Spent a few days getting a C++ based version of Easy Diffusion working, using stable-diffusion.cpp. I’m working with a fork of stable-diffusion.cpp here, to add a few changes like per-step callbacks, live image previews etc. It doesn’t have a UI yet, and currently hardcodes a model path. It exposes a RESTful API server (written using the Crow C++ library), and uses a simple task manager that runs image generation tasks on a thread. The generated images are available at an API endpoint, and it shows the binary JPEG/PNG image (instead of base64 encoding).

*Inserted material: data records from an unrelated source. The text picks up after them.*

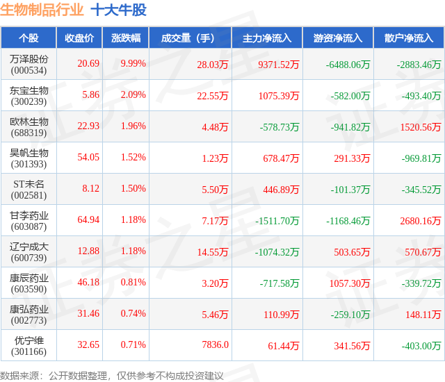 个股表现方面,生物制品行业当日领涨股为万泽股份(000534),该股当日报收20.69,上涨9.99%,成交量28.03万,主力资金净流入9371.52万元。东宝生物(300239)以上涨2.09%紧随其后,该股当日成交量22.55万,主力资金净流入1075.39万元。除此之外,欧林生物(688319)、昊帆生物(301393)、ST未名(002581)均进入当日牛股之列。具体个股列表见下表:
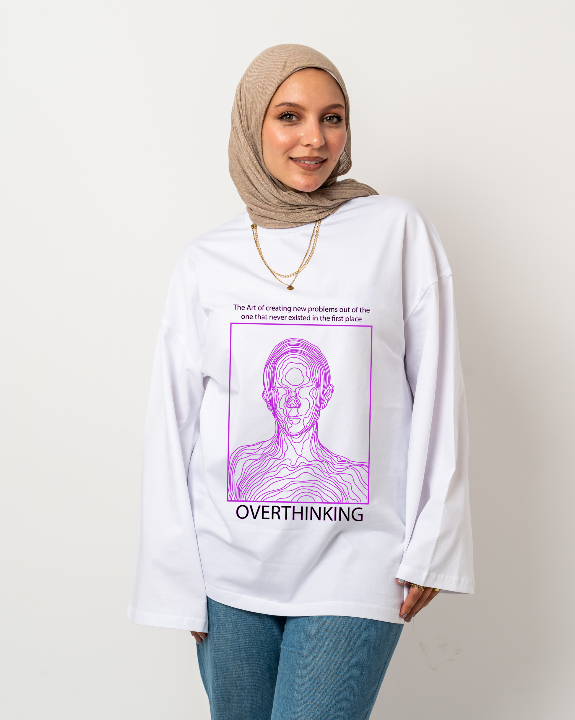 Overthinking white widesleeves t-shirt
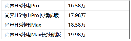 (1)尚界H5纯电版——华为技术加持的20万级纯电价值标杆
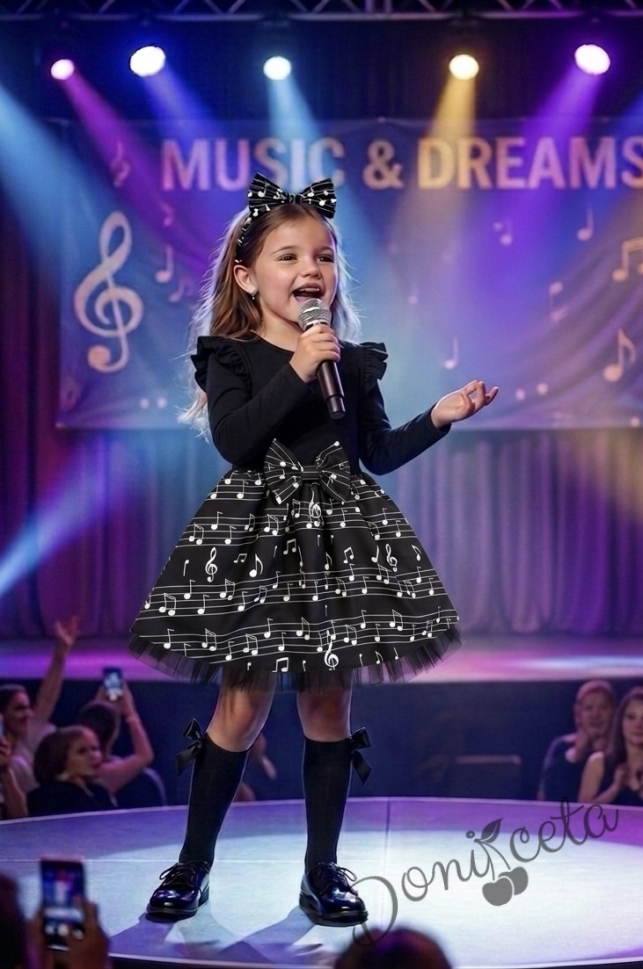 Детска официална рокля с дълъг ръкав в черно с къдрички на ръкавите и ноти и тюл в долната част
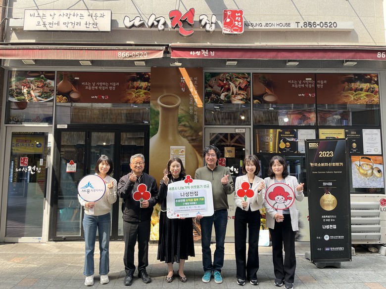 ‘나성전집’은 오는 12월 말까지 매장에서 판매되는 소주, 맥주, 막걸리 등 주류 1병당 100원을 적립해 세종사랑의열매를 거쳐 지역의 어려운 이웃들을 지원할 예정이다.
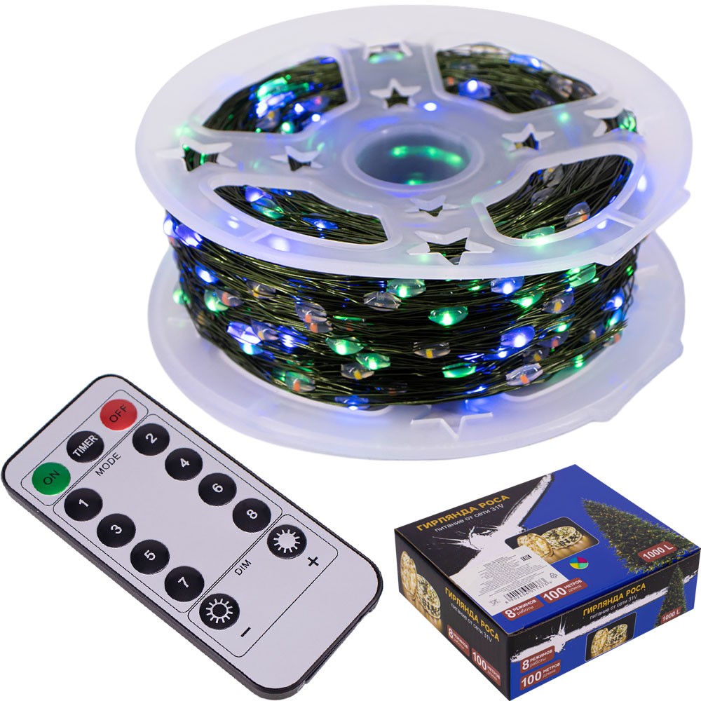 Электрическая гирлянда 100м 1000 ламп FG240519071Q 8реж. Для улицы, с пультом
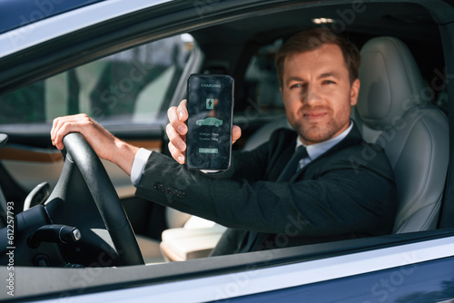 Holding smartphone with charging progress app. Businessman in suit is driving his electric car
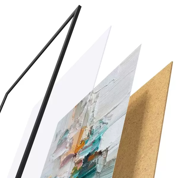 Постер складається з рами, оргскла, надрукованого зображення та підкладки з ДСП. Завдяки кріпленням на звороті плакат можна одразу ж повісити на стіну.
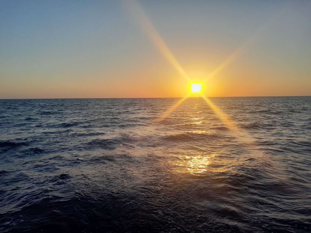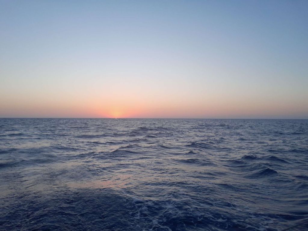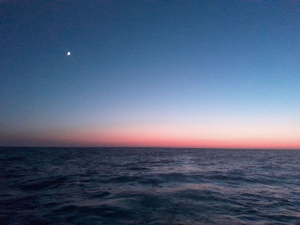 Le temps passe, et moi je m’occupe, entre navigation, lectures, repos et contemplation de la mer. J’aperçois enfin le premier dauphin qui vient me rendre une petite visite de courtoisie mais, solitaire, il ne s’éternise pas et sonde rapidement après quelques foulées à l’étrave.
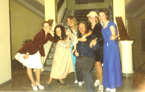 Группа «Райские птички» с продюсером Олегом Лапиным. Концерт на школьном выпускном, 1997 год
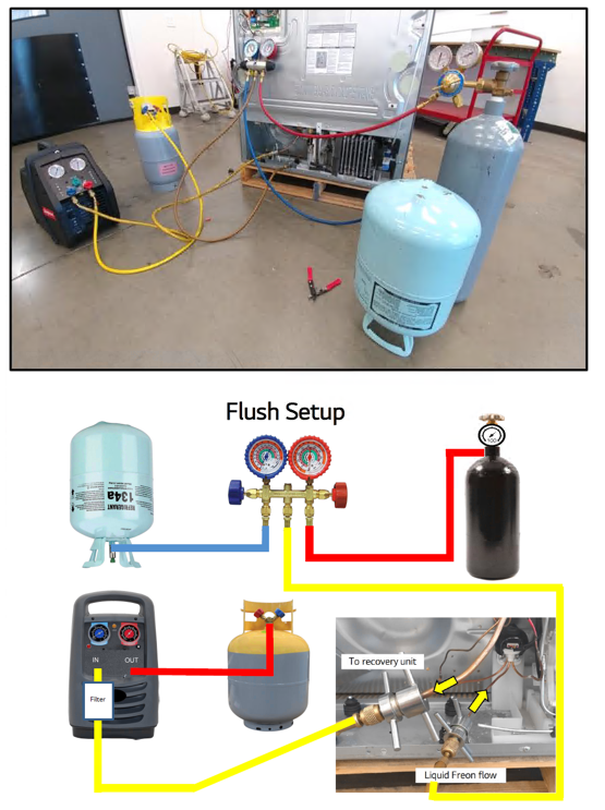 - Remember when you flush with liquid refrigerant it will need to be recovered.
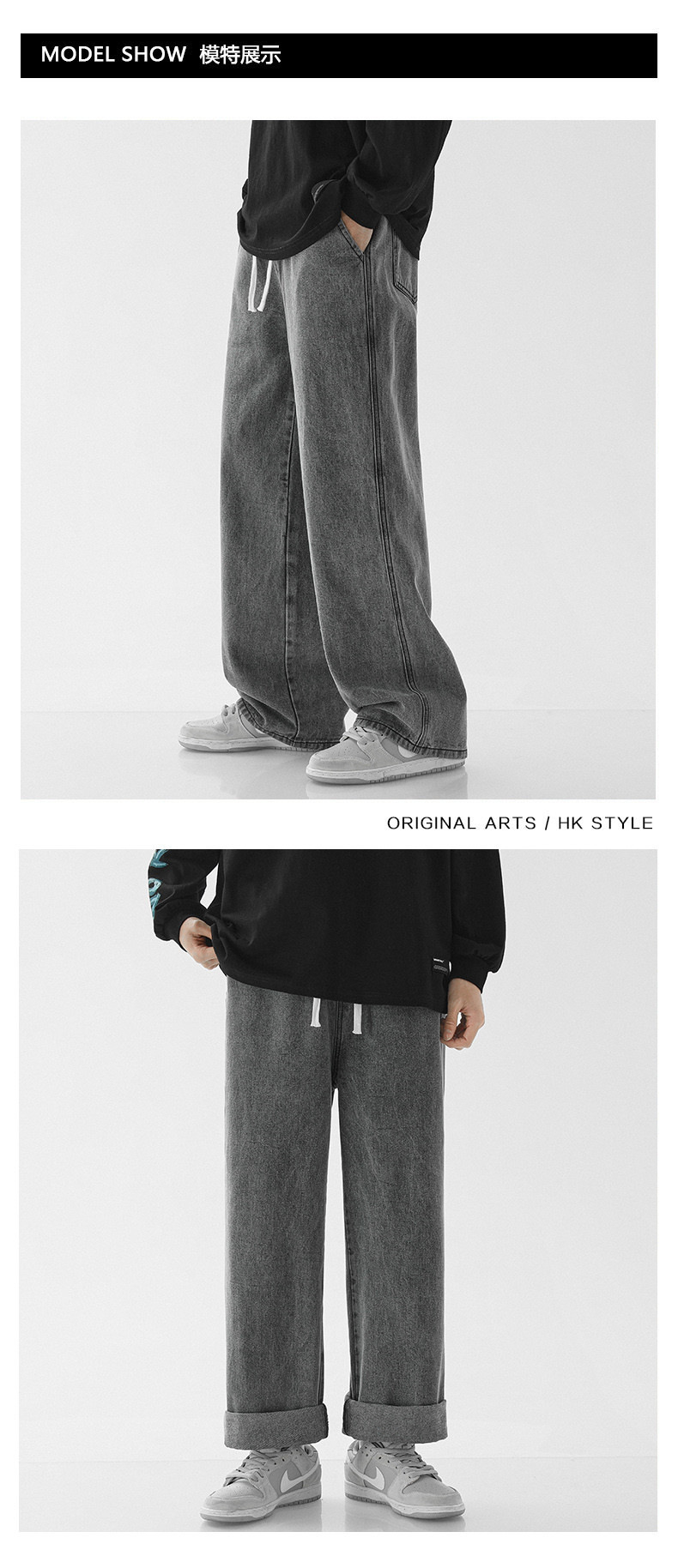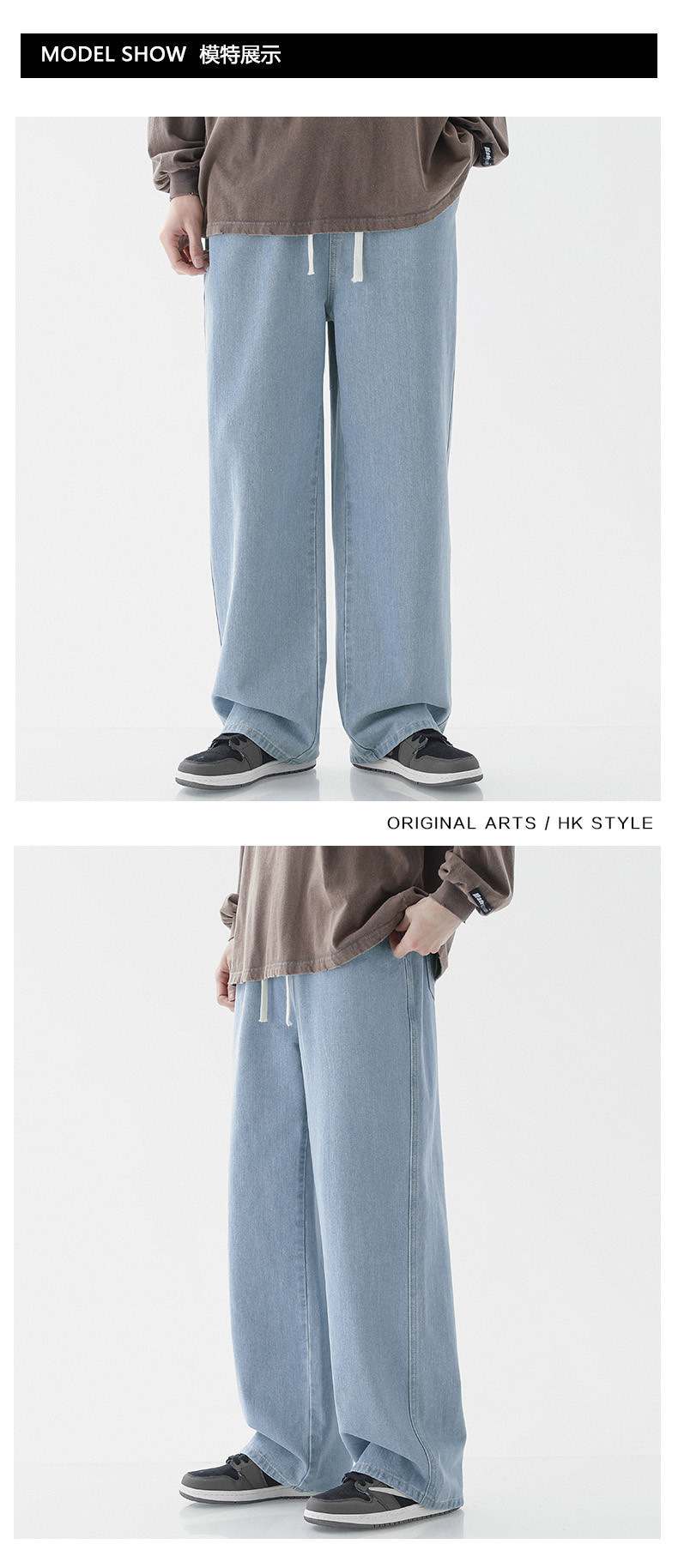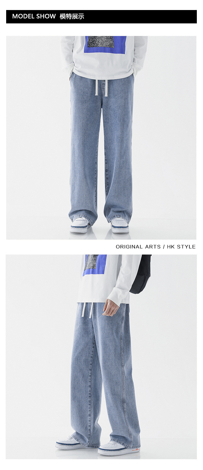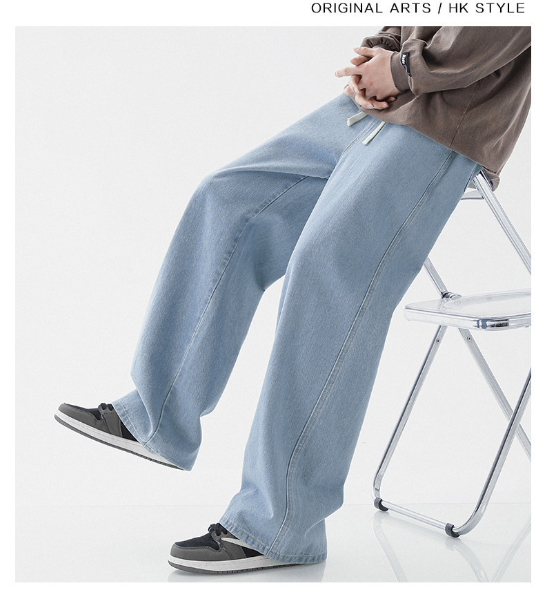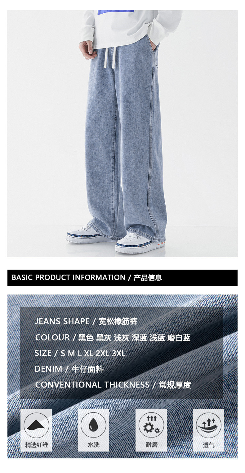 스트레이트 레그 루즈한 청바지 남성용 봄과 가을 새로운 패션 브랜드 고무 탄성 허리 캐주얼 와이드 레그 하이 스트리트 바지
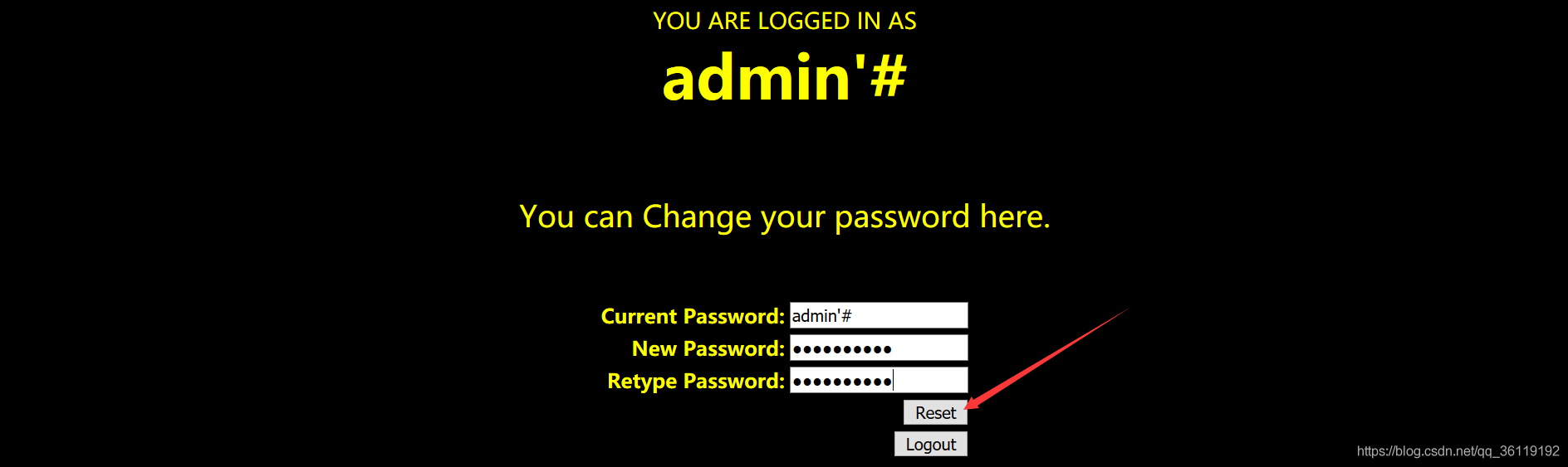 当我们提交用户名 admin'# 修改密码为 aaaaaaaaaa 的时候,这条SQL语句就变成了下面的语句了。
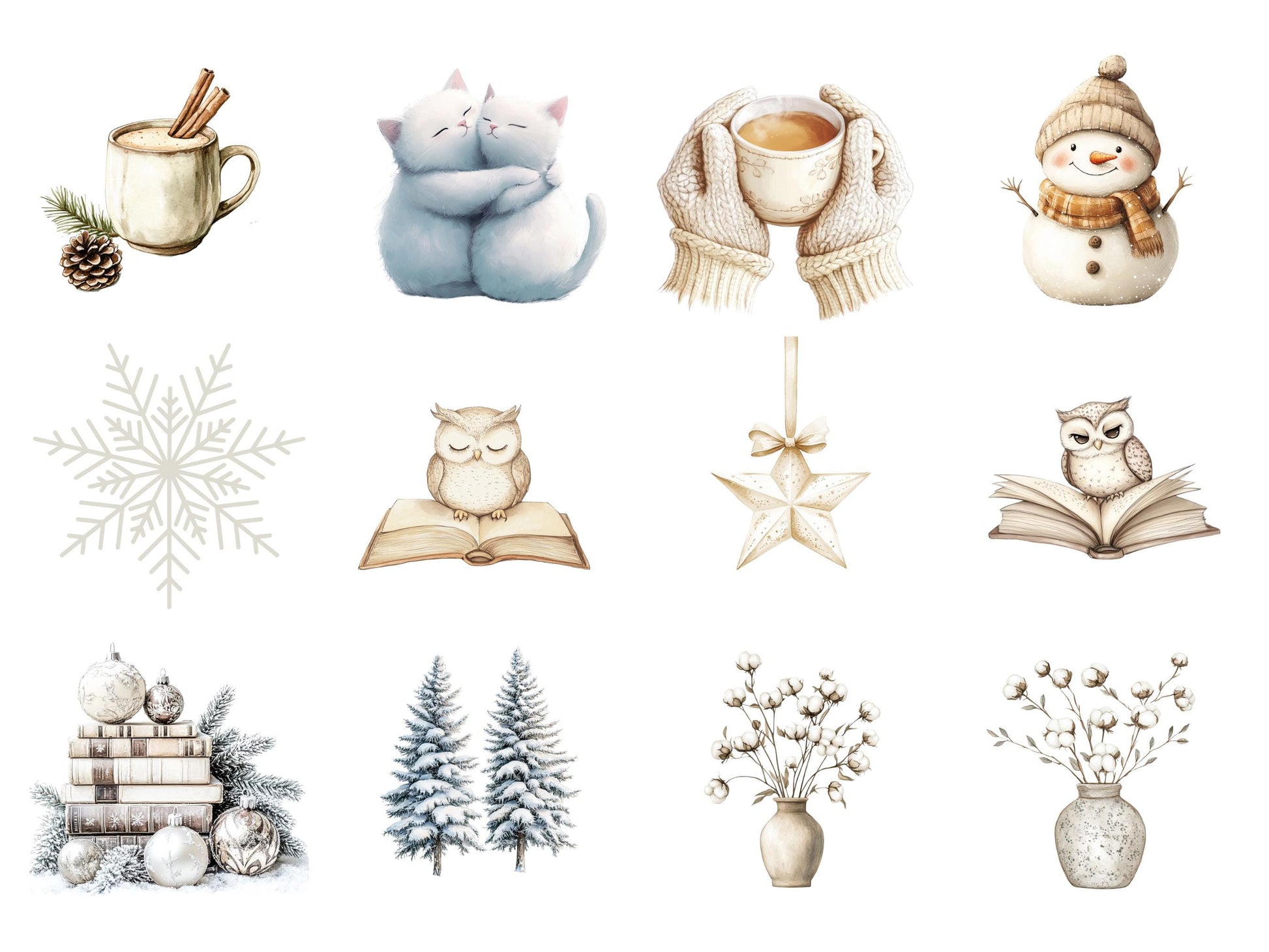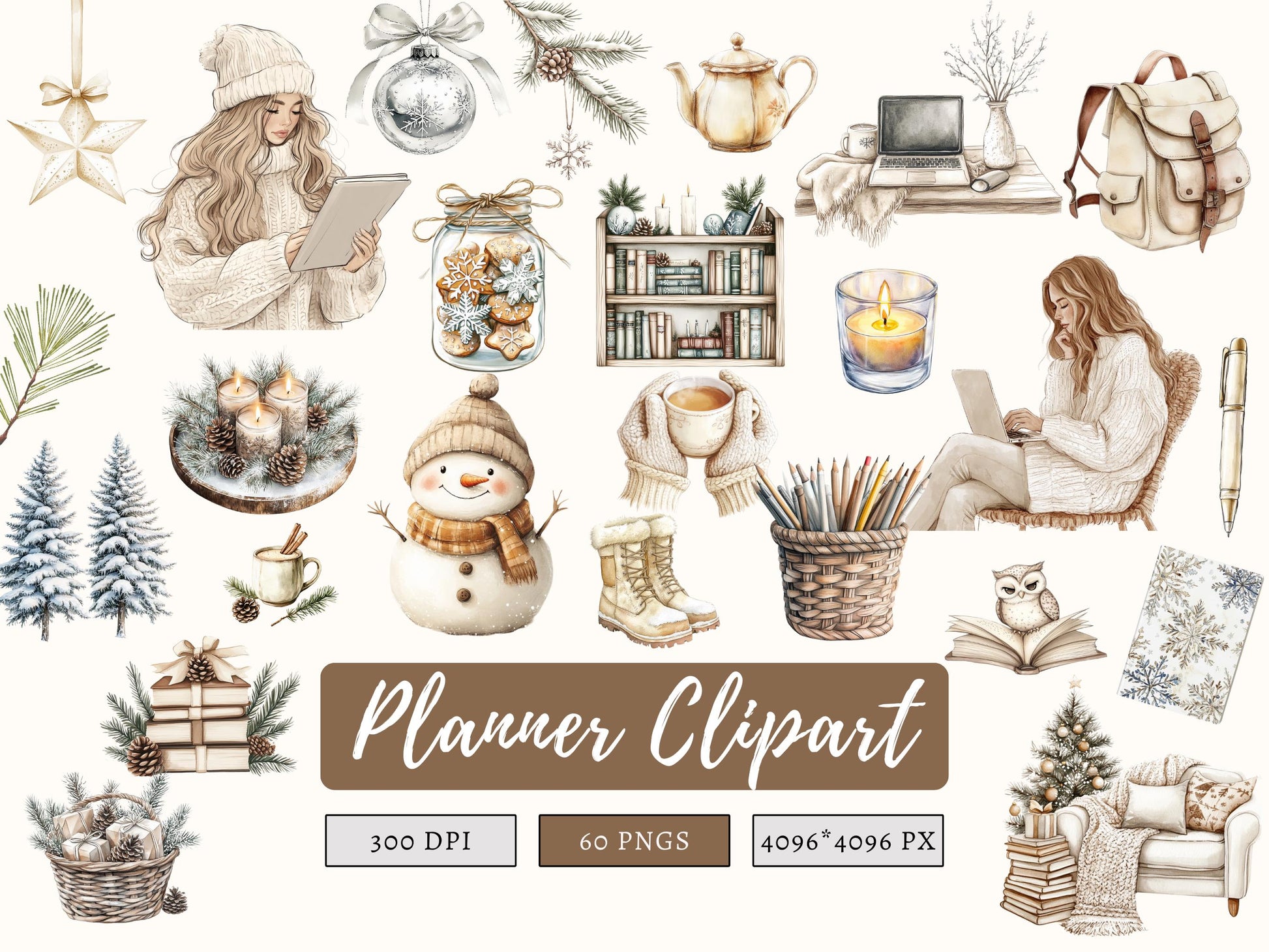 Planner Clipart png Bundle, Watercolor Planner Girl Clipart, Winter Season, Cuteness Clipart, Planner Lover Clipart, Planner Elements png
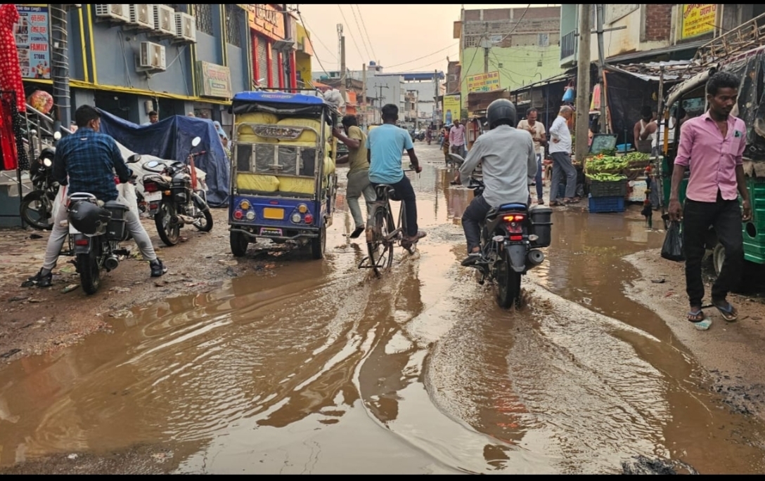 जल निकासी की व्यवस्था नहीं, हल्की बारिश में सड़क पर जलजमाव
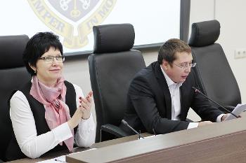 Следующим на повестке стоял вопрос о социальном партнерстве в университете, содокладчиками по которому выступили проректор по воспитательной и социальной работе Олег Гришаев и председатель профкома сотрудников Людмила Владимирова.
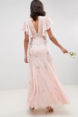 ASOS DESIGN Bridesmaid Embellished Maxi Dress Blush Pink

Wrote a simple hex-dumper for analysing dll and executable files. Uses pefile.

  • #car
  • #simulation
  • #game
  • #drs
  • #featured

Continuing on the race car simulator series. Last week, the “effective tire friction” calculation was implemented, which modeled the grip at the point of contact between the tire and the road surface. This intentionally did not take into account the vertical load (or any other forces), since the purpose was limited to calculating the “effective” friction coefficient based on the material conditions. The next step was implemented yesterday, which calculates the effective force the tire will apply on the wheel axle, in reaction to the torque applied by the engine on the wheel axle. That reaction force will cause the car to move forward. It also factors in the existing inertial force (i.e. if the car is already moving) in order to model sideways slip (e.g. for drifting).

  • #findstarlink

Following up on yesterday’s post, there’s now full automation for the conversion of provisional NORAD IDs to the official one (once they’re available in Celestrak). This automation is still waiting to be deployed, because it needs to be tested with the official NORAD IDs for yesterday’s Starlink launch (G6-77), once they’re assigned next week. This automation has been now been deployed. So now, the only processes still done manually are (a) selecting a new leader for a train, if the current leader drifts away from the train, and (b) removing old trains that have spread out completely.

  • #findstarlink

Spent two days automating some of the processes around findstarlink.com, and updating some of the code that had started bit-rotting. Most of FindStarlink’s operations run as individual AWS Lambda functions, that are triggered periodically by CloudWatch Events (and Schedules). But a few processes are still done manually, mainly due to a mix of laziness and also being a bit tricky to automate. I also needed to migrate the existing automations to a newer NodeJS runtime in AWS Lambda, since the current runtime was nearing end-of-life support.